Это было сказано в шутку, а в такую жару и при такой скуке они рады были хоть чему-нибудь посмеяться. Третий собеседник улыбнулся, но первый оратор оставался серьезен.
— Я знаю только одно, — сказал он, — я бы хорошенько проучил этих господ, если бы кого-нибудь из моих родных оставили здесь в числе населения, которое они заранее обрекли на зарез, когда сами отправлялись в Трансвааль. Если бы мою сестру или мать здесь убили, я бы взял пистолет и прострелил бы череп самому великому заправиле, а потом покончил бы дело с его подручными. Хорошо, подумаешь, правительство здешней страны! Сами приглашают приезжать и селиться тут, а потом всех годных к сопротивлению людей выгоняют вон в воровскую экспедицию за золотом в Трансвааль, а мы тут оставайся и жди, какие бы ни угрожали нам напасти. Я считаю, что каждый человек, погибший здесь насильственною смертью, убит собственными руками Привилегированной Компании.
— Ну, Джемсон ведь человек подневольный, что ему приказывали, то и сделал. Все мы обязаны исполнять, что велят, также и он. Не он составлял план экспедиции, только он понес наказание за нее.
— А зачем он слушался? И что они толкуют, будто у нас такие отличные заведены порядки? Я шесть лет здесь живу, работаю все время, как негр, а много ли нажил барыша? Да и все мы, честно и усердно занимавшиеся сель-
— 63 —
ским хозяйством, что этим выиграли? Все в здешнем краю так устроено, чтобы все выгоды доставались нескольким важным господам, живущим за морем, или здешним заправилам. Если Англия завтра вызовет отсюда Привилегированную Компанию, что окажется? И увидит она, что все что ни есть ценного в краю, роздано в частные руки различным концессионерам, нечего сказать, будет чем поживиться после таких хозяев! Это все равно, что пустить шакалов обглодать все мясо с лошадиного трупа, а льва позвать полизать косточки.
— О, подождите еще немного, будет и на нашей улице праздник! — сказал красивый человек. — Я здесь пять лет живу, наобещали мне всякой всячины за это время, и до сих пор ничего, кроме обещаний, я не получал, однакож надеюсь со временем получить, а потому и держу язык за зубами! Если меня попросят подписаться под бумагой, где будет заявлено, что вот этот господин (он кивнул на капитанскую палатку), никогда не напивается пьян и не умеет ругаться, я сейчас подпишусь, лишь бы знать, что после этого получу изрядное количество барыша. Взять-то я мастер, лишь бы давали! Сколько ни давай, все возьму, ни капельки не уроню!

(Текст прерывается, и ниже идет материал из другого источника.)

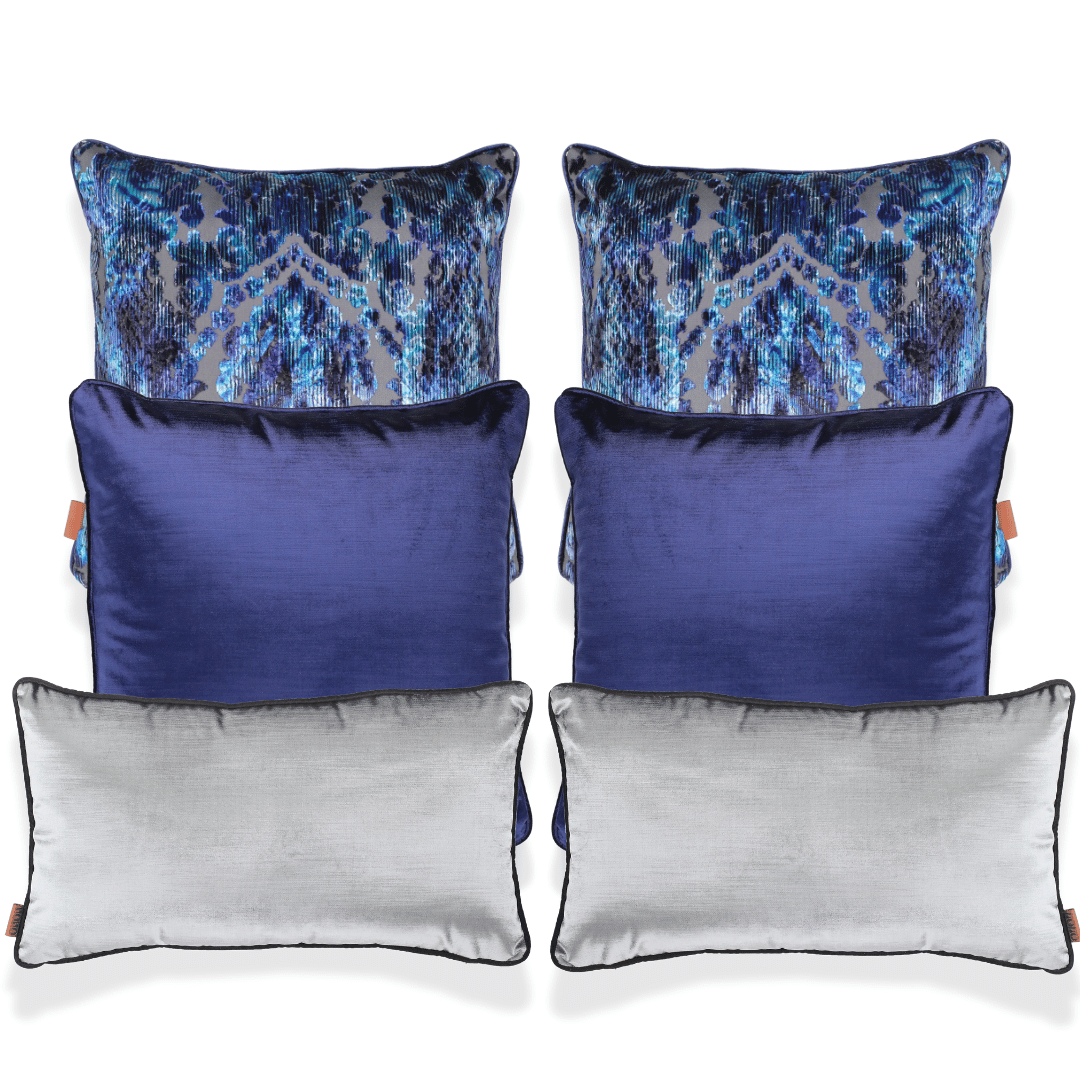 Celina & Aspen Lacivert & Gri Kadife İÇ DOLGUSU DAHİL 6'lı Dekoratif Kırlent Seti (Yataklar ve 220cm üzeri koltuklar için uygundur!)

Все рассмеялись сухим, невеселым смехом, и третий, до сих пор не проронивший ни слова, перевернулся на спину и вынул трубку изо рта.
— Я вам вот что скажу, — молвил худощавый: — те из нас, у кого есть клочок земли и кто попросту честным манером занимается своим хозяйством, тому до смерти надоело это бестолковое воеванье. Будь у нас здесь с самого начала такие люди, как в свое время были Керри и Баукер, при них не могло бы случиться того, что теперь случается. Ведь дошло до того, что, приступая к тем или другим работам, никогда не можешь знать наперед, успеешь ли что-нибудь сделать или опять тебя погонят на войну и потом опять неожиданно отпустят на неопределенное время. Удобную штуку выдумали! Затеяли такую войну, которую можно продолжать и задерживать до бесконечности!
— 64 —
Третий из собеседников медленно и грузно повернулся опять на брюхо.

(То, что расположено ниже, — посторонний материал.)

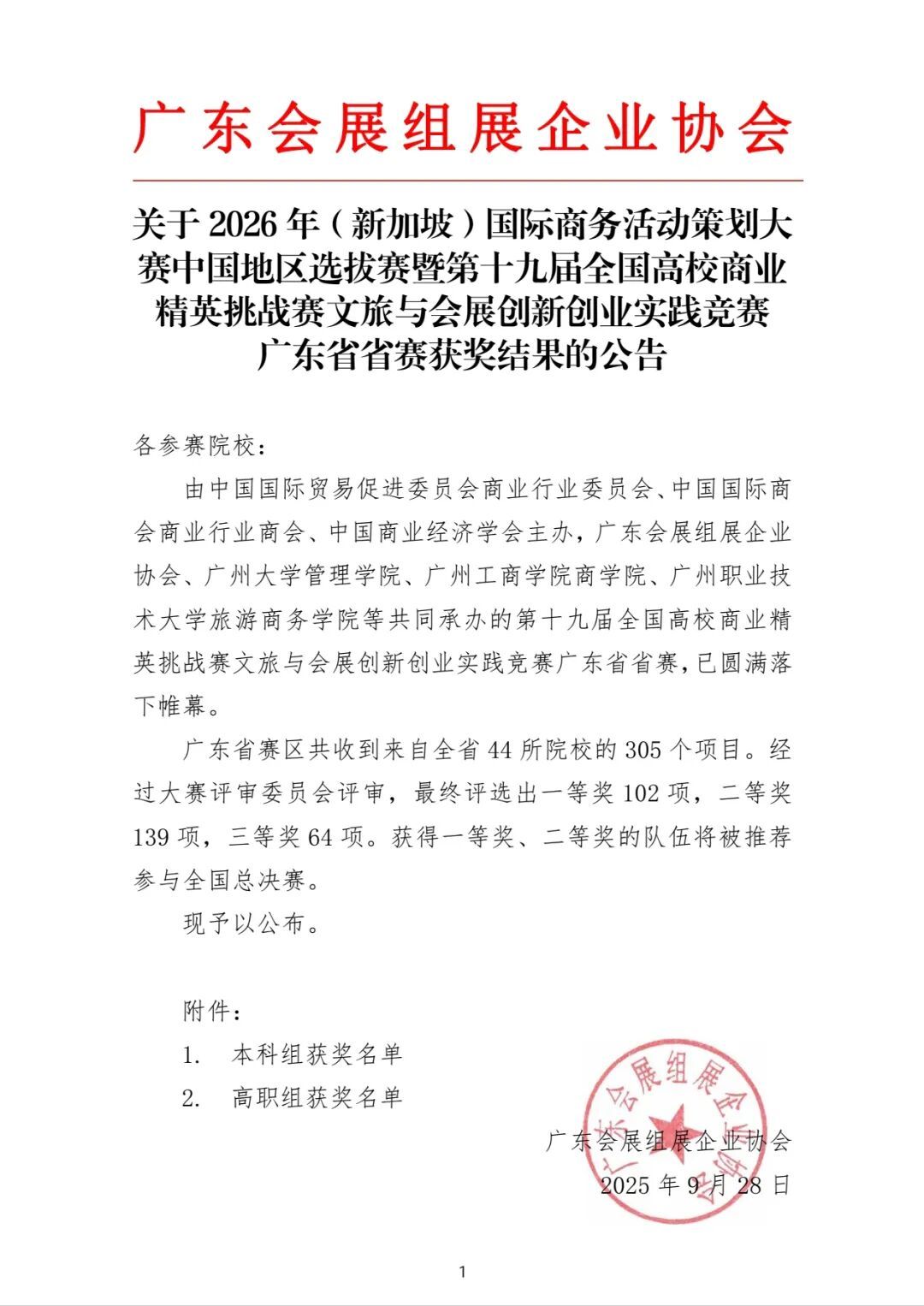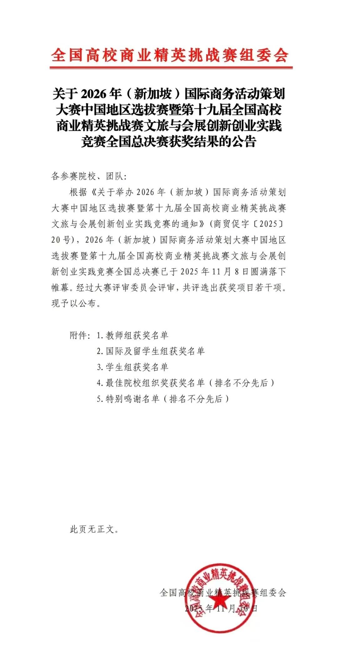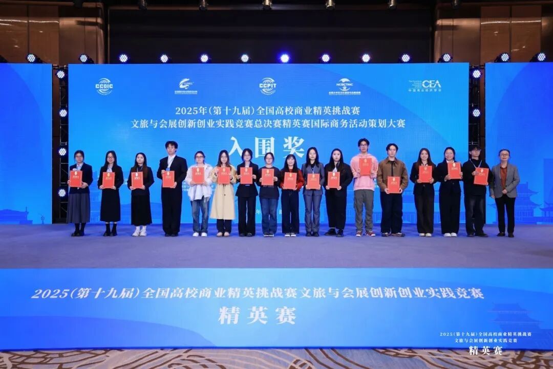 从省赛突围到国赛摘金,再到精英赛亮相,每一步都是优中选优的淬炼。此次比赛取得的优异成绩,不仅是我校在深化创新创业教育改革、注重学生实践能力培养方面取得的又一佳绩,更是我校高素质应用型人才培养成效的生动体现。展望未来,我院将坚守“以赛促教、以赛促学”的初心,着力提升学生的综合素质与实践能力,推动文旅与会展领域人才培养再上新台阶。我们将以竞赛为窗口,持续扩大其在高校与社会中的积极影响。

— Погоди подавать в отставку, — сказал он поучительным тоном: — небось завтра опять пойдем воевать с матабелями.
Остальные захихикали вполголоса. Даже тот, что лежал под кустом, хоть и не открывал глаз и продолжал держать руку поперек лица, слегка усмехнулся и показал желтые зубы.
— А я все жду, — сказал тяжеловесный красавец, — что предъявят нам бумагу, за подписью всех негритянских вождей, что вот, дескать, как они полюбили Компанию и как они рады, что Большой Заправило прибрал их к рукам, и как он с ними превосходно обращается, и что за это они открыли подписку на сооружение ему бронзовой статуи. Чего не сделает человек, коли уметь за него взяться.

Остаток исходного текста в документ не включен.